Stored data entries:
# # # # # # #
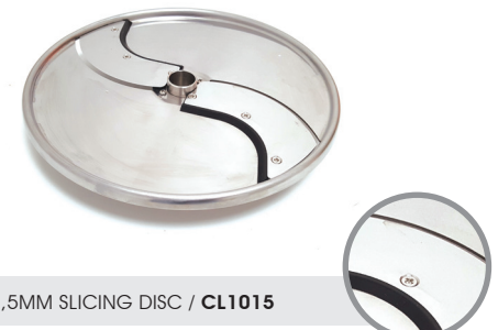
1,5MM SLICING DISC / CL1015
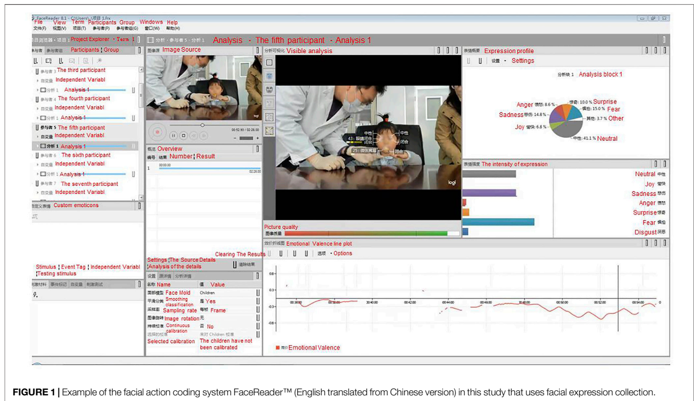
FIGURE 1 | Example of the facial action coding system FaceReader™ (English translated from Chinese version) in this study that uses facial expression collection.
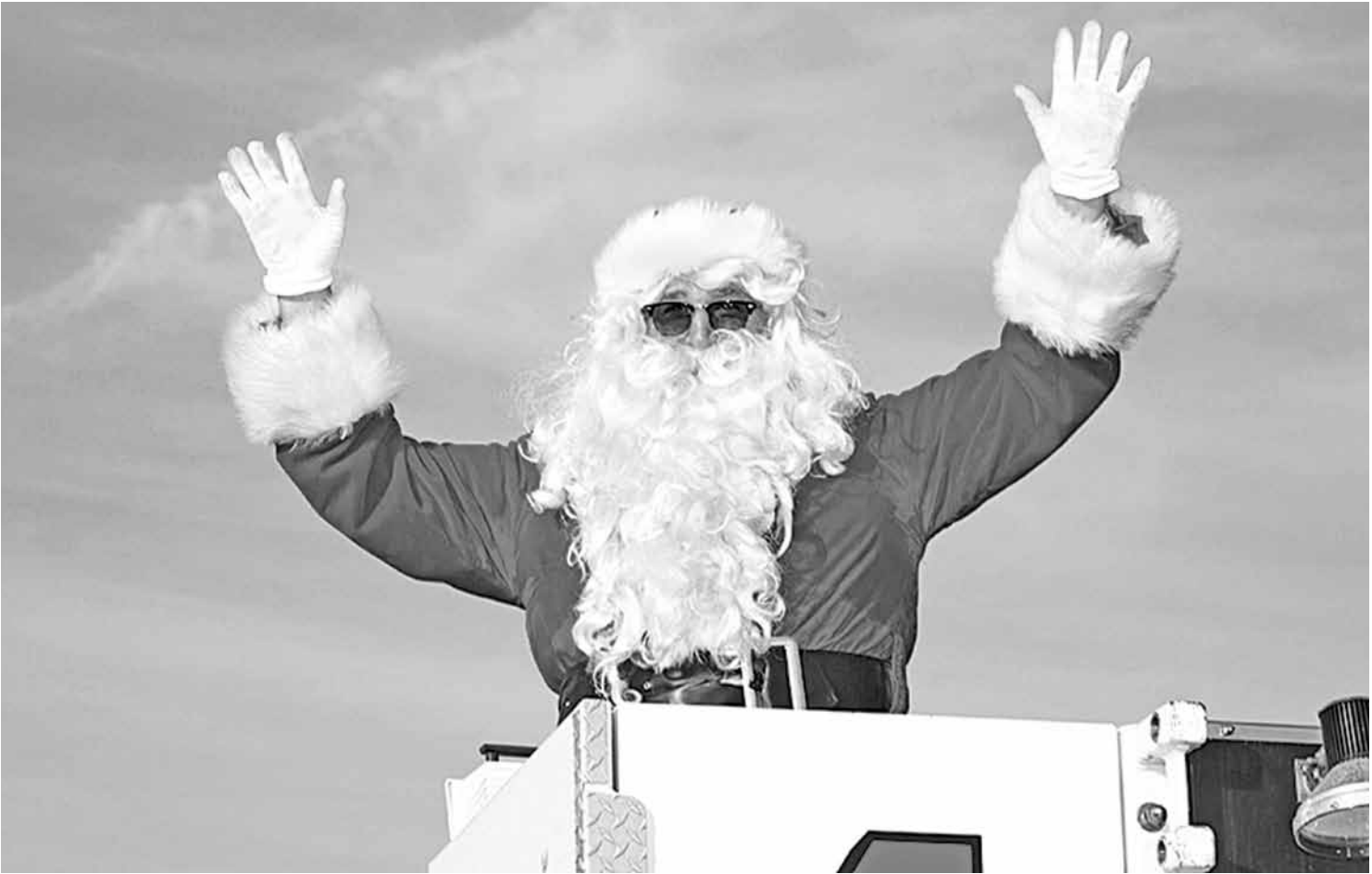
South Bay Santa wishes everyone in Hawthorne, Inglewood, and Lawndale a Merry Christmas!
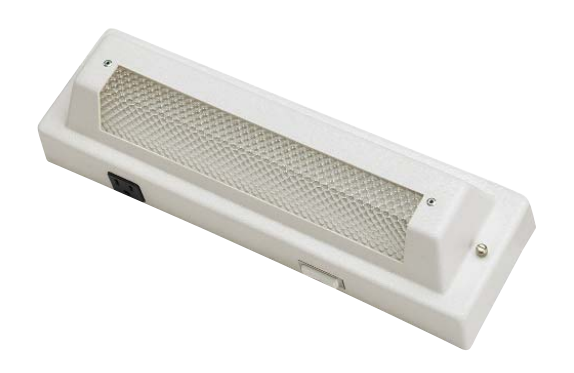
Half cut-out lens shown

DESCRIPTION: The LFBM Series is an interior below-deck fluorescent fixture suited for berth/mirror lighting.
# # # # # # #
Without the images, print all of the lines above exactly.

1,5MM SLICING DISC / CL1015
FIGURE 1 | Example of the facial action coding system FaceReader™ (English translated from Chinese version) in this study that uses facial expression collection.
South Bay Santa wishes everyone in Hawthorne, Inglewood, and Lawndale a Merry Christmas!
Half cut-out lens shown

DESCRIPTION: The LFBM Series is an interior below-deck fluorescent fixture suited for berth/mirror lighting.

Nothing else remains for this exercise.